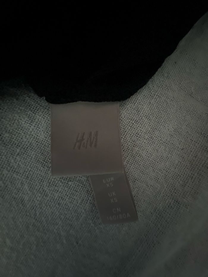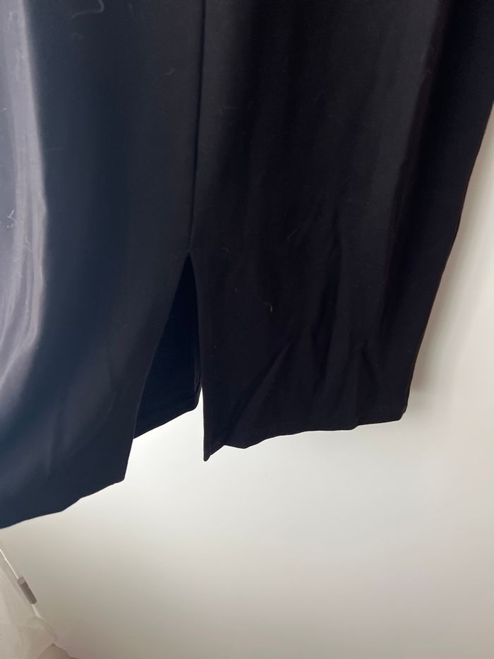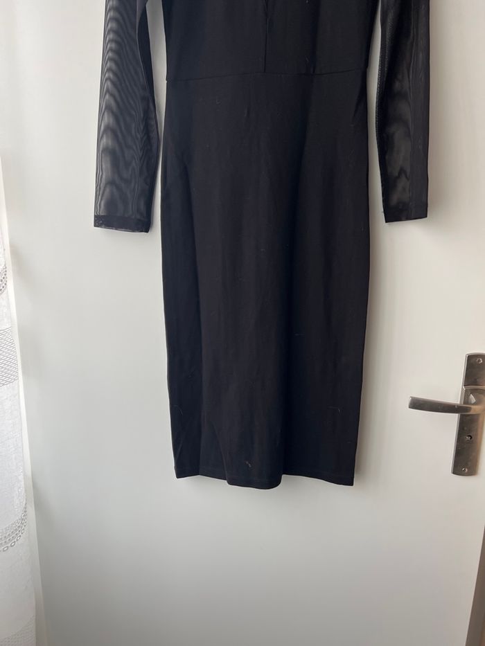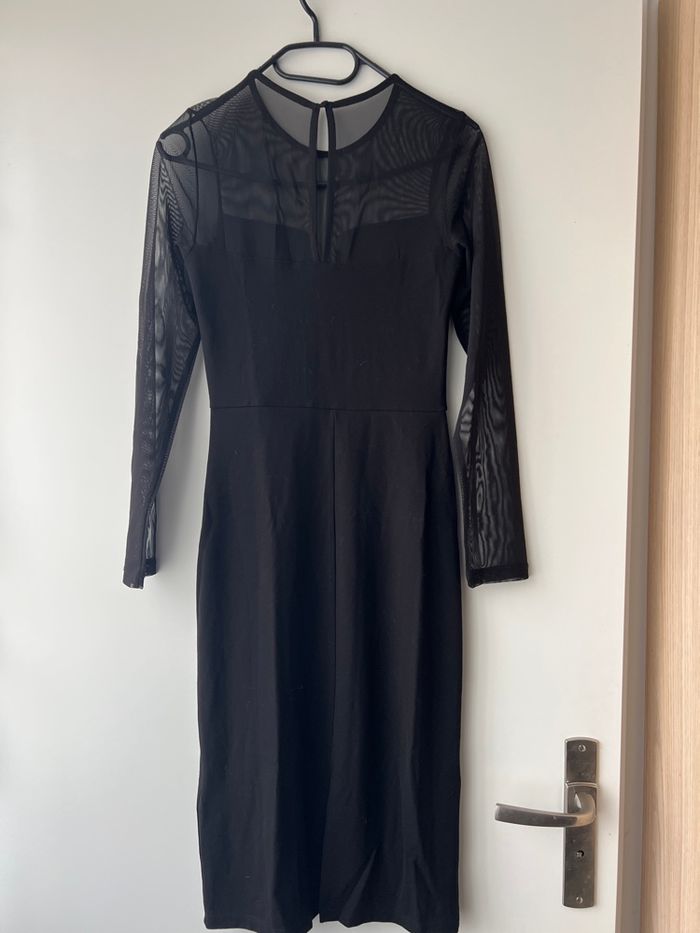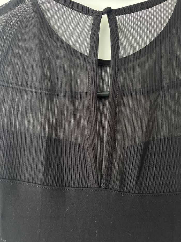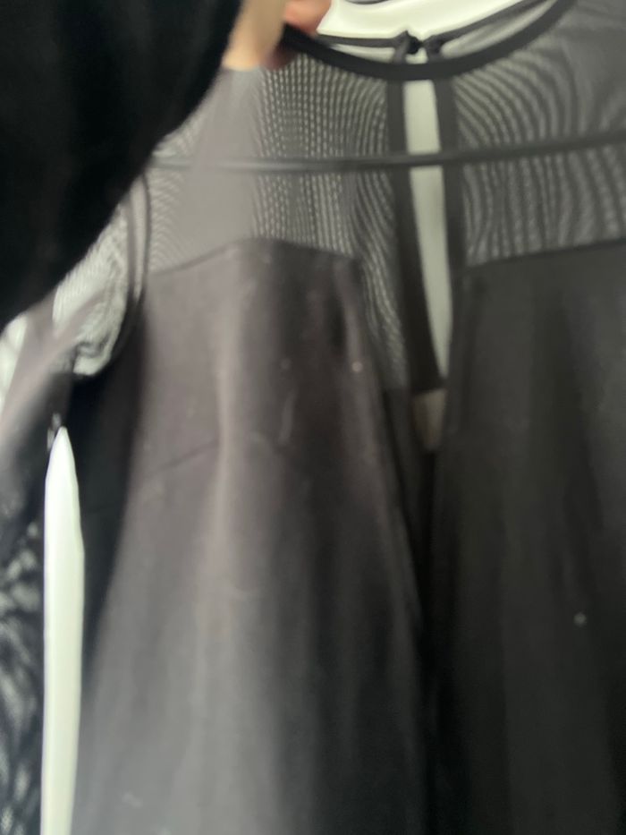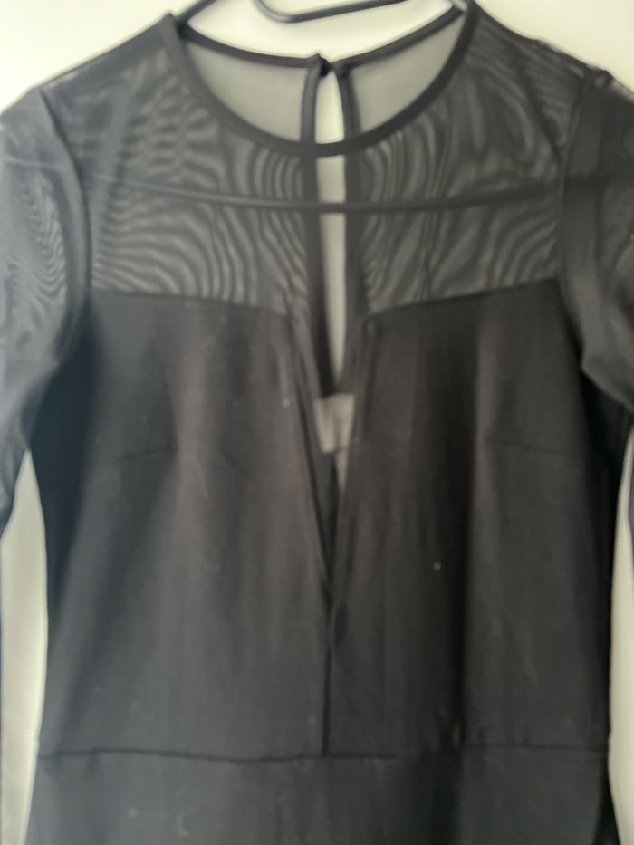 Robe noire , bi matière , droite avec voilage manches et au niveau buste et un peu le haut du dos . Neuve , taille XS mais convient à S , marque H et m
==
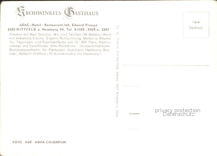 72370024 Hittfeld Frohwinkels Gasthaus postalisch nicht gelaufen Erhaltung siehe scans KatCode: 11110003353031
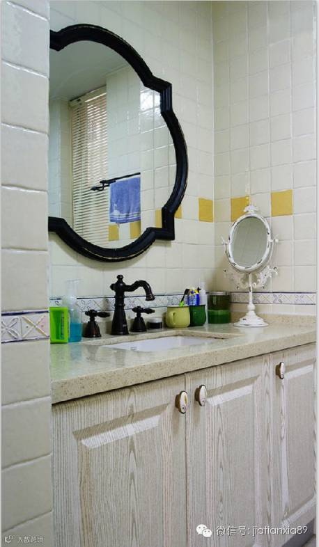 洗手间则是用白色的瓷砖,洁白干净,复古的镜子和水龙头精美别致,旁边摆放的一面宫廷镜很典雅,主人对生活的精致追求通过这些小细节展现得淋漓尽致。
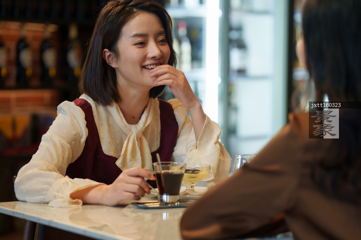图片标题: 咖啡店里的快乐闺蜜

### EXERCISE DIRECTIONS:
Starting at the line that contains "洗手间则是用白色的瓷砖,洁白" and ending at the line that contains "图片标题: 咖啡店里的快乐闺蜜", transcribe the material above exactly, excluding pictures.

### EXPECTED ANSWER:
 洗手间则是用白色的瓷砖,洁白干净,复古的镜子和水龙头精美别致,旁边摆放的一面宫廷镜很典雅,主人对生活的精致追求通过这些小细节展现得淋漓尽致。
图片标题: 咖啡店里的快乐闺蜜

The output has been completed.